All the best, Peter.


I'd like to know where that smoke stack came from?

Bob 
You might be able to use an accucraft stack or one from trackside details. I agree the stack looks great. Would like to add that to mine as well.


----------



## deltatrains (Nov 25, 2010)

Hi Shawn V, 
If you are still looking for those gears then they are available at most hobby shops which feature RC Model Cars. I did not want to place a link of a particular shop's website into this forum but if you "google" RC Model Cars or just RC Cars, a number of sites will come up and then just search on their website for Gears - Pinion and Gears Crown- or even just Gears and a variety of them should come up then just select the appropriate gear ratio that you want. Just be carefull as some are plastic.
All the best in your search, Peter.


----------



## Gerald (Apr 8, 2013)

Hello Peter!

Yust have a look today in this thread, an i've seen there are some questions about gears, stack etc.

My gears also from Conrad Germany, you have to reduce the wide of the 15 tooth gear (to 5,5 milimeters) and drill a new tap hole for the wormscrew M3 (hope this is the right word) nearer to the toothes. Not easy, because when you reduce the wide of the 15 tooth gear, the hole for the tap is between two toohtes, not much material for the new tap. 

Here is a link to the thread from Christian in the schienendampf-forum, shows his LumberJack (also two photos with the 2 extra gears) hope this will help:
http://www.schienendampf.com/344872...wrapheader

The youtube Video is also from Christian, shows his LumberJack after tuning with the gears (to reduce the speed) and using PTFE for Zylinders and bearings for all axles (also in the oscillating steam motor):
http://www.schienendampf.com/344872...t1112.html
so the machine run without steam oil.


The Stack is from Regner's Frieda, think the Stack is available from Regner Germany (Sparepart).
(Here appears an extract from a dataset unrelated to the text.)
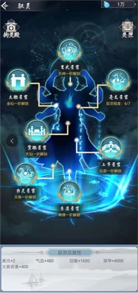 驭灵是以镶嵌的形式增加玩家的属性,其中玩家的境界越高,能够解锁的星宫越多,星宫越多镶嵌的“灵”越多,属性越强!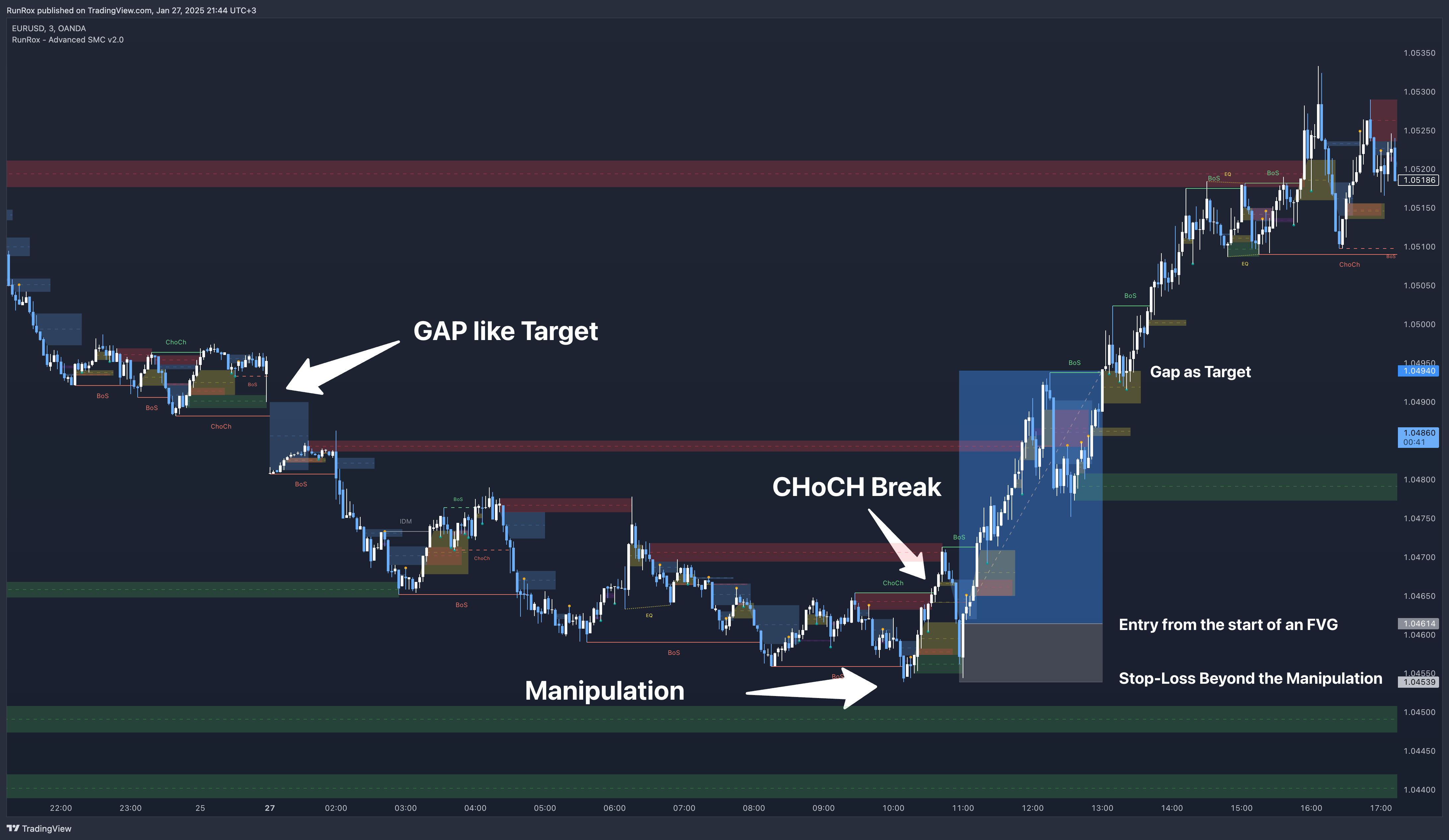 This is considered a more aggressive entry because we only waited for a single confirmation of the trend change—the CHoCH break—and then entered immediately afterward. While the WinRate might be lower in such trades, the Risk-Reward ratio is typically very high if you correctly identify the manipulation.

Greetings from Austria, Gerald


----------



## deltatrains (Nov 25, 2010)

Excellent pictures and information on even more modifications on the Regner 0-4-0 Lumber Jack. Thank you Gerald for all of those links. Once again I will have to use the computer translator to read all of that helpfull information. Keep those postings coming. All the best to live steamers in Austria. Peter.


----------



## skypup (Apr 15, 2008)

My kit came yesterday. I was able to build the chassis and have her running on air. I'm just taking my time with it. It is a fun build. I took a video of it running on compressed air.


http://www.youtube.com/watch?v=kJBZ...e=youtu.be


----------